Any pictures in the records below must be left out when you repeat the lines from the line containing "L'atelier de sculptures" through the line containing "Vinh mở thưởng." exactly.

- _INPUT RECORDS_:

■ ■ ■

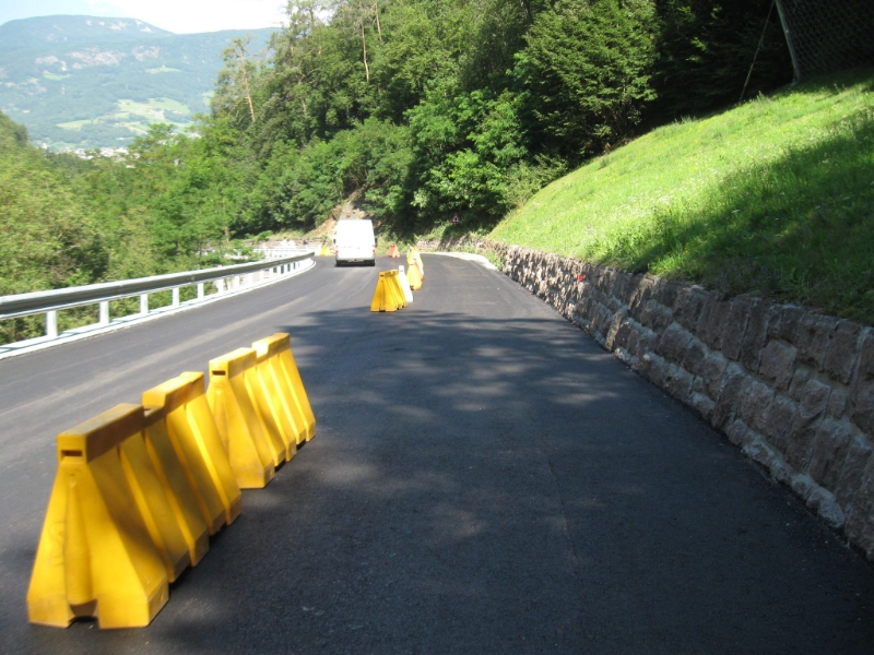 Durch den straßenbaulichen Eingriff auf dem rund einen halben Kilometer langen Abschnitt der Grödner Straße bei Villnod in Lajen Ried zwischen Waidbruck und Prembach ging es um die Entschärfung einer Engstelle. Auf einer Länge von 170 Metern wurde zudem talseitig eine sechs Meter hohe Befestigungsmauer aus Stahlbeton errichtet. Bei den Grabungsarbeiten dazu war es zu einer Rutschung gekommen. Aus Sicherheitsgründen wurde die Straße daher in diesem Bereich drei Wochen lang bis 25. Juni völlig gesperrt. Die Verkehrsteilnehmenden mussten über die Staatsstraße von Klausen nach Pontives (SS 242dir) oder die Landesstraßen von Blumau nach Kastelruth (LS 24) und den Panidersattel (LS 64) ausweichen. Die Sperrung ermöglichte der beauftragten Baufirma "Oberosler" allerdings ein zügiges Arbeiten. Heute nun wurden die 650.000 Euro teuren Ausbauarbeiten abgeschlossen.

■ ■ ■

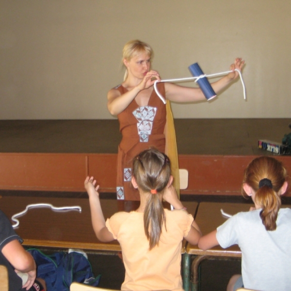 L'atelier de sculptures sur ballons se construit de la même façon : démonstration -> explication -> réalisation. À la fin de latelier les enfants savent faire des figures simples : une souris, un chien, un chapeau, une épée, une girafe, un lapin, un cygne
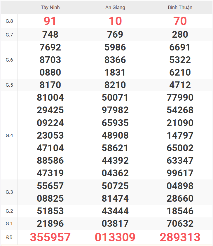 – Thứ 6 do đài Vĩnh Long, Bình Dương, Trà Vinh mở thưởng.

■ ■ ■

- _RESPONSE AREA_:
 L'atelier de sculptures sur ballons se construit de la même façon : démonstration -> explication -> réalisation. À la fin de latelier les enfants savent faire des figures simples : une souris, un chien, un chapeau, une épée, une girafe, un lapin, un cygne
 – Thứ 6 do đài Vĩnh Long, Bình Dương, Trà Vinh mở thưởng.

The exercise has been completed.